To walk you through an example:
1. I create a Python file in Visual Studio Code
2. Start with a comment:
“`# Download weather information for Warsaw, Poland from “
and it already suggested me – OpenWeatherMap
3. I’m not happy with its next-line suggestion so I hover over it and get 4 more suggestions, (as I’m lazy) – I go with # and print it to stdout; I later go on with import requests and json modules
4. Enter “def” – and it suggests me name get_weather(city) along with code
5. I enter my API key which I’ve just created and run the code (btw, it works)

Demo of code generated by me

Sounds like a dream-come-true? Yeah, it partially is, but, the code is not perfect, even here, it suggested I use an unsafe but common practice of entering API key inside the code (+ when I went through other suggestions it actually gave me a non-working API key). Also, printing inside the function and not including a country into the request is not a great solution either (which can also be changed by going with another suggestion)
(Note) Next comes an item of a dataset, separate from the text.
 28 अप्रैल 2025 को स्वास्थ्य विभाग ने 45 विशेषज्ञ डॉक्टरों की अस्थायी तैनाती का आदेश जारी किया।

So, as shown here, it can’t be actually used as a fully-privileged Copilot, more like a Junior Copilot, or an Apprentice Pilot which can be given a small, dumb task, and has to be corrected. Sometimes it can even suggest libraries that don’t even exist.

From personal experience with working on a larger codebase, it often suggests things that don’t make sense, but, it’s good enough for writing down repeatable things, and is good enough for making a quick test, before quickly changing the code based on learned things from Copilot’s suggestions.
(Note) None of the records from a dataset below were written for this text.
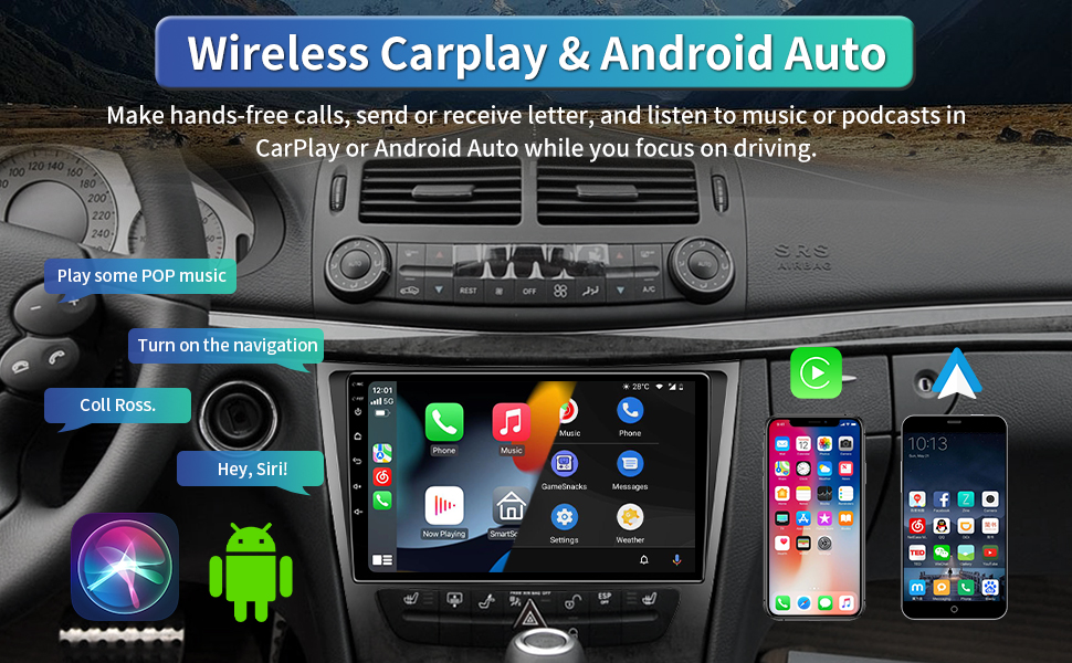 【𝐖𝐢𝐫𝐞𝐥𝐞𝐬𝐬 𝐂𝐚𝐫𝐩𝐥𝐚𝐲 & 𝐖𝐢𝐫𝐞𝐥𝐞𝐬𝐬 𝐀𝐧𝐝𝐫𝐨𝐢 𝐝 𝐀𝐮𝐭𝐨】استمتع بـ CarPlay اللاسلكي وAndroid Auto السلكي/اللاسلكي مع Bluetooth 5.0 للاتصال السريع والسهل. ما عليك سوى التحدث إلى Siri/Hey Google أو لمس الشاشة للحصول على الاتجاهات من خريطة هاتفك، وإجراء المكالمات، والاستماع إلى رسائل البريد الصوتي، وإرسال واستقبال الرسائل النصية، والاستماع إلى الموسيقى المفضلة لديك، كل ذلك مع الحفاظ على تركيزك على الطريق.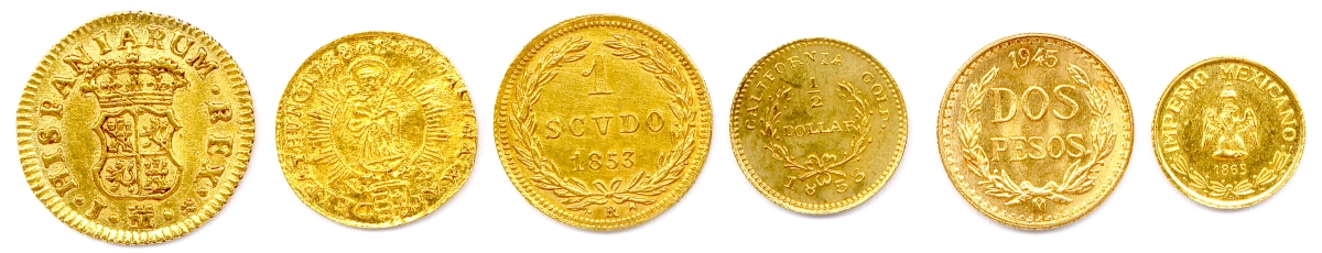 Demi-scudo Ferdinand VI d'Espagne 1759 Madrid, 1/6 ducat à la Madonne Charles III de Hongrie 1728 N-B, Scudo Vatican Pie IX 1853-VIII Rome, 1/2 dollar Californie 1853, Dos pesos Mexique 1945, Miniature 1865 Mexique.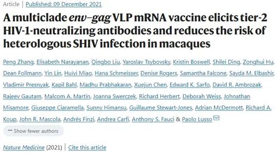 Peng Zhang et al. A multiclade env–gag VLP mRNA vaccine elicits tier-2 HIV-1-neutralizing antibodies and reduces the risk of heterologous SHIV infection in macaques. Nature Medicine, 2021, doi:10.1038/s41591-021-01574-5.

A great article explaining tips for using Copilot can be found here: Tips for using GitHub Copilot in everyday Python programming – basically – “make your code readable” to improve quality of suggestions, “use type hints”, try next suggestions, and you can expect it to know most known libraries.

Problems

So, when it comes to problems with Copilot first that comes to mind is security. According to a study as quoted by David Ramel on VS Magazine, 40% of its suggested programs had vulnerabilities.

Copilot leaks
dtjm @ GitHub

Also, it can contribute towards leaks of secrets like API keys of sloppy programmers.
Copyright infringement is also a worry. Not everything suggested is original, and the longer it is, the higher the change it’s remembering someone’s code.
https://twitter.com/mitsuhiko/status/1410886329924194309 as shown in a funny tweet, GitHub Copilot created a fake license for the famous – fast inverse square root code from Quake III Arena.

However each programmer uses StackOverflow anyways, further than that, as in Against Intellectual Property  – Stephan Kinsella, IP could be considered as unjustifiable as it has no scarcity – an idea cannot be owned.

Future of AI in coding, future of Copilot.

Pricing of Tabnine
Pricing of Tabnine

If Copilot was to be priced against Tabnine (Link to price table) – an AI code assistant/completion – it could cost 10$ for regular, and 25$ for Enterprise, if it was to come outside of GitHub Pro subscription. However, it could cost even less for the standard version, as GitHub could aim for maximum adoption like it does with its GitHub subscription. However, running it must be more expensive than running Tabnine.

The story probably doesn’t end at code suggestions, to gain better code suggestions it will probably need to introduce a quality control model into its training. From that, they could offer that to users. Talking about quality control, we could see at someday Copilot or its another incarnation being used for refactoring existing code, paired with static analysis. Its context could be enhanced by introducing some simplified code overviews from other files, and it could load/be personalized for existing docs, libraries, to power its suggestions – it could even become a standard that each open-source library has code fragments for designed for code suggestions.

And of course, with time, it can get even more powerful, with bigger models, and better-designed models. As it seems to be a rule, even a new Moore’s law, that language models get 10x bigger every year – as suggested by Hugging Face. And photonic computers – like the one from Lightmatter – are only going to accelerate that.